Customer research: How do we know the segments survey analysis revealed are actually practical, human, or correct? Well, customer interviews reveal the “why” around segment attitudes and needs, augmented by observed behaviors that confirm and often course correct segment definition. For instance,busy parents don’t have time to research; they depend on other’s recommendations. Sometimes observing how a segment shops online or in store reveals a need that did not emerge in the survey, prompting a change to the segment definition. Most importantly, ethnographic research humanizes the segments by allowing researchers to put a name and persona details to the segments. This allows marketers and designers to create tangible experiences and define value propositions for a single person that represent the segment’s needs vs. for an esoteric faceless segment.

Customer data: Retailers possess a wealth of data within their CRM and transactional systems about their customers. Analyzing this data can reveal insights on who the purchasers are, what they buy, at what frequency, via which channels, and when. While customer data analysis can reveal demographic and geographic segmentation along with customer profitability and lifetime value, it does not answer three key questions: One, why are customers buying from the retailer? Two, where else are they shopping? Three, who is not purchasing and why? This is where the previous two steps converge. Augmenting the dataset with third party data allows clustering of existing customers who have bought in the past into the same segments identified in the survey analysis and then confirmed by customer research. Comparing the size of the CRM clusters to the survey clusters shows the extent to which the retailer is able to attract a segment or not. Magic is just one step away when insights reveal sub-segment level details — mobile vs. desktop shoppers, customers that drive long distances — which then prompt discussions around value propositions, brand promise, and messaging.

Pay attention to behaviorally-based segments

Customer segmentation provides numerous benefits if used uniformly across the organization vs. solely for product development or marketing. For instance, it can highlight a need for customers to have “peace of mind” typically addressed via guarantees and warranties. It can reveal a need for product choice, or show that customers value a frictionless experience. These become value propositions that need to be designed for all customer segments.

It’s important to develop segments that are mutually exclusive, however. Here are some illustrative retail segments that could arise from understanding how customers shop:

Impulse buyer: Shoppers who decide to purchase on a whim using last minute, if any, research on other product options or retailers with lower prices.

Convenience shopper: Shoppers who prefer to order from the comfort of their home and have the product(s) delivered to their doorstep.

Relationship buyer: Shoppers who have a level of comfort with a retailer or need advice consultation: “I have always bought from retailer ABC,” or “Jane helped me the last time and she was great.”

Instant gratifier: An online shopper who understands the best retailer to buy from based on product availability and price but wants to both touch the product and bring it home the same day.

Customizer: A less price sensitive customer who is willing to wait days or weeks for the perfect product configured to their exact taste or needs.
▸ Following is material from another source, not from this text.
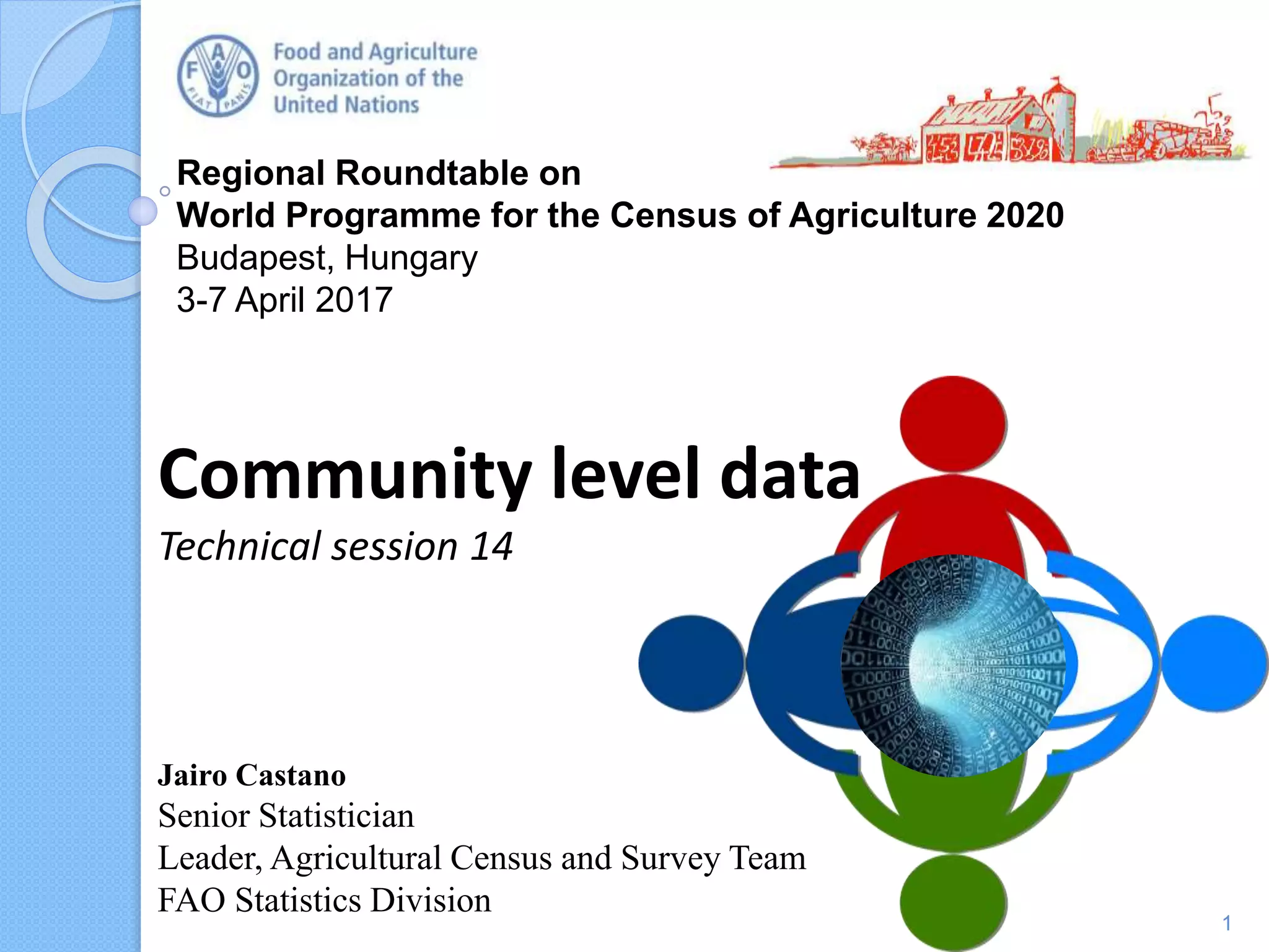 This document discusses community-level data collection for agricultural censuses. It recommends collecting key administrative data on communities to complement farm-level census data. Examples of community data include infrastructure, services, economic activities and weather conditions. Tabulating community data by classification variables allows analysis of farm data grouped by community characteristics. While optional, community surveys provide useful information for development planning with low additional costs. Country experiences show collecting data on land, households, services and development projects at the community level.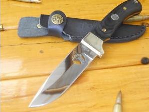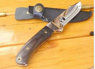 ELK RIDGE - Full Tang - DROP POINT SKINNER– POLISHED - PAKAWOOD Hunting Knife Elk Ridge Knives presents the ultimate hunting knife. Boasting a 100mm 440C HIGHLY POLISHED stainless steel blade with the Elk Ridge logo laser cut THROUGH the blade and a black pakkawood handle heldin place with 2 brass pins and with a solid POLISHED BRASS GUARD for a mighty 209mm overall length! The ultimate sportsman gift, gift for him, gift for anyone - anytime! An exceptionally priced knife that must be seen to be appreciated! Features

To maximize revenue generation, behavioral segmentation plays a critical role in understanding how and why customers buy. That information is then used to define the “bread and butter” segments, those an organization may be missing, or unprofitable segments that it should suppress. Then companies have to address each segment’s needs without coming across as being everything for everyone. After all, even the most jaded customer wants to feel special.